Derrière ce mot, un album de 200 pages signé Jorge Gonzalez, auteur argentin miraculeusement publié chez Dupuis hors de toute collection. Une bonne surprise qui aurait pu avoir sa place sous le label Aire Libre (on pense notamment au Prosopopus de Nicolas De Crécy pour style graphique). L'histoire est difficilement réductible à une suite de mots : d'abord axée autour de Vicente ‘Gordo' (‘le Gros'), joueur de bandonéon à la fin des années 10, elle se tourne ensuite vers son disciple Horacio au début des années 30, et décrit le chemin inattendu qu'emprunte sa vie. Dans un dernier segment, l'auteur raconte la genèse de l'album à travers ses recherches, ses rencontres et les témoignages qu'il a recueillis ; aussi intéressante que soit la démarche, cette dernière partie aurait sans doute gagné à ne rester qu'un bonus, plutôt qu'une sorte de continuité dessinée, occupant à elle seule une soixantaine de pages.
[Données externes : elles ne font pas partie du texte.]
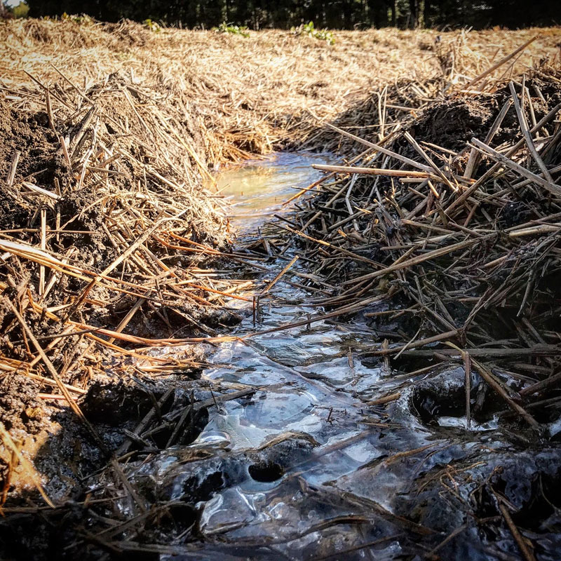 日陰は毎日水が凍ってる。

Car le nerf du recueil, sans conteste, est son récit en deux volets, peinture expressionniste et torturée de deux générations victimes de leurs frustrations, de leurs vices, de leurs imperfections... mais indéfectiblement liées au tango, à son rythme et à sa poésie, à sa tristesse potentielle et à ses promesses d'évasion. Bandonéon se tire brillamment du défi évident que constitue l'approche dessinée d'un art sonore (d'autres s'y sont heurté les dents, notamment dans les biographies consacrées aux musiciens célèbres), en proposant sa propre mélodie visuelle : anarchie du dessin au milieu de cases soigneusement tracées, puissance des scènes surgissant de l'aspect faussement brouillon des crayonnés... Le noir et blanc lui-même se teinte de reflets ocres ou gris-bleus selon la nature de l'ambiance requise, et les émotions passent sans peine dans ce foisonnement d'inventivité formelle. Les personnages suscitent l'empathie malgré leurs défauts, leurs choix parfois révoltants... Le résultat est un voyage dans une autre dimension, un autre époque, une autre culture, un art qui n'est pas celui du support utilisé. A découvrir pour les amateurs de nouveautés dépaysantes, ou du monde latin en général.